Young Egyptian Geese on the Serpentine rushed around and dived, just for fun.

One of the Bar-Headed x Greylag hybrid geese from St James's Park has come to the Serpentine to moult in a safe place.

So have several Red-Crested Pochards. This one resting beside the Serpentine has a faded head but has not yet gone into eclipse. When it does, it will look just like a female except for its red eyes and bill.

A Mandarin drake on the Long Water is well into eclipse, and looking sadly tatty.
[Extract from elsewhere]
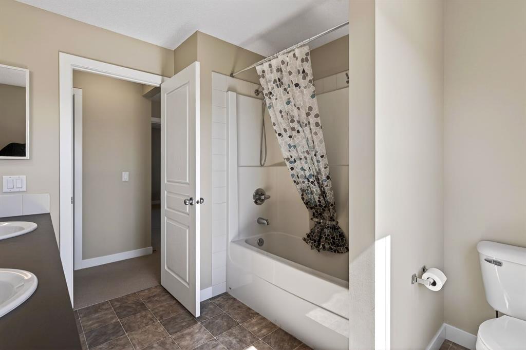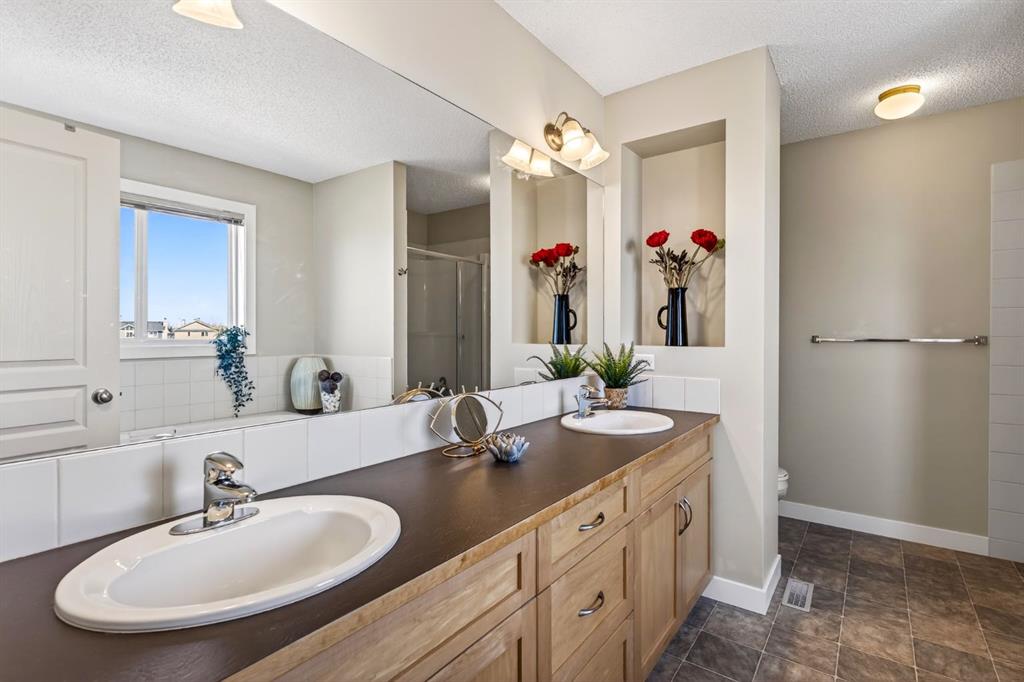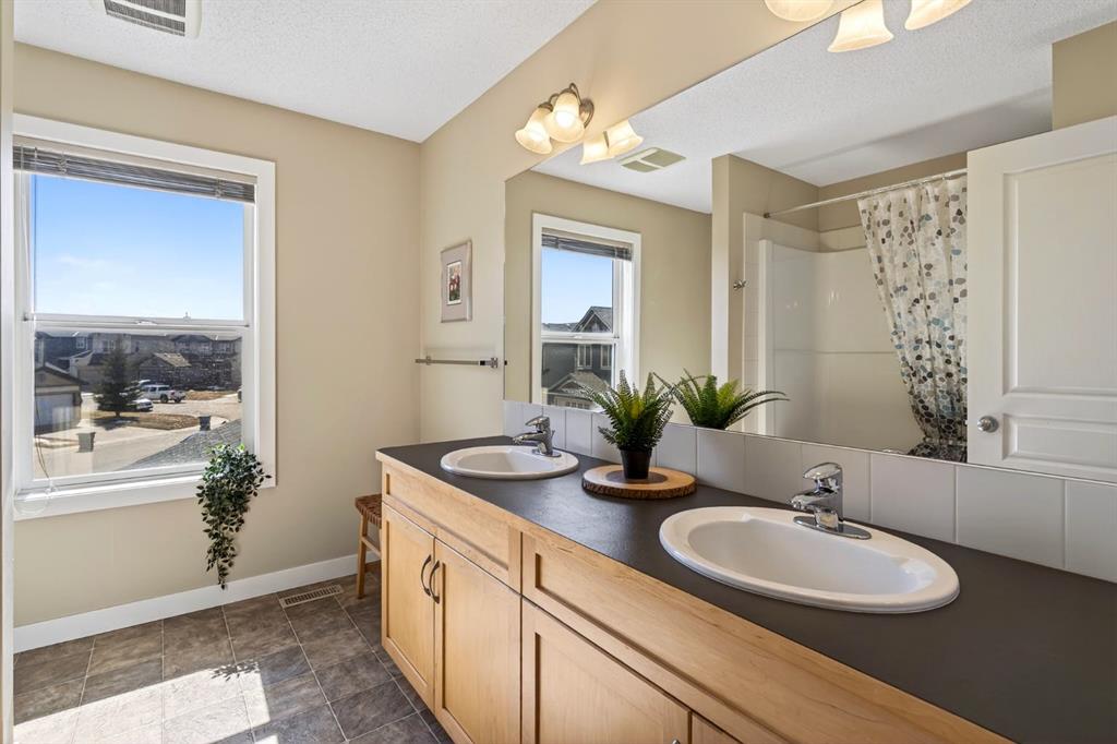 Upstairs you’ll find two spacious kids’ bedrooms, a main bathroom with double sinks, and a primary retreat that easily fits a king bed. The ensuite features double vanities, a large soaker tub with a view, and a separate shower.

The Mallard near the bridge has managed to keep her one duckling.

There is a large herd of wooden elephants in Green Park, photographed here by Martin Sacks. They are being moved around various sites in London to publicise elephant conservation, and it must be quite a job shifting them. They are Indian elephants, while the herd formerly at Marble Arch were African.

Wednesday, 16 June 2021

It's the last day of the current hot spell, with thunderstorms forecast tonight followed by several wet days. The large Greylag family grazed in the shade of the willows beside the Serpentine. Rain will refresh the parched grass for them.

A pair of Lesser Black-Backed Gulls cooled off beside the running water of the Diana fountain.

One of the three Coot chicks at Peter Pan dived in the shallow water at the edge.

The solitary Moorhen chick in the Italian Garden seems to have been abandoned by its parents, which are probably the pair that have five new chicks in the Long Water below. But it's able to feed istelf and seems to be doing well.

Virginia took this picture of a Mandarin drake standing impressively tall.

A Grey Heron stepped delicately across the fallen horse chestnut tree in the Long Water, looking for a gap in the algae where it could watch for fish.

The pair of Blue Tits that pursue us along the path by the Long Water demanding pine nuts are parents.

A fledgling lurked in a tree.

A young Blackcap appeared on the other side of the water.

A Wren paused for a moment in a tree near the Albert Memorial.

The familiar Jay waited patiently while I photographed it, then flew down to take a peanut from my hand -- and for once missed it. We both pretended it hadn't happened, and I gave it an extra large peanut to soothe its ruffled feelings.

A Magpie found plenty to eat in a rubbish bin at the Lido restaurant.

There are odd patches of what look like red algae in the Italian Garden fountains which cast a lurid reflection on the young carp.

A Small Tortoiseshell butterfly perched on a nettle at the foot of Buck Hill.

It's difficult to give an impression of how many Buff-Tailed Bumblebees there are in the park at the moment, but there must have been at least 50 in this patch of Salvia about the size of a pingpong table.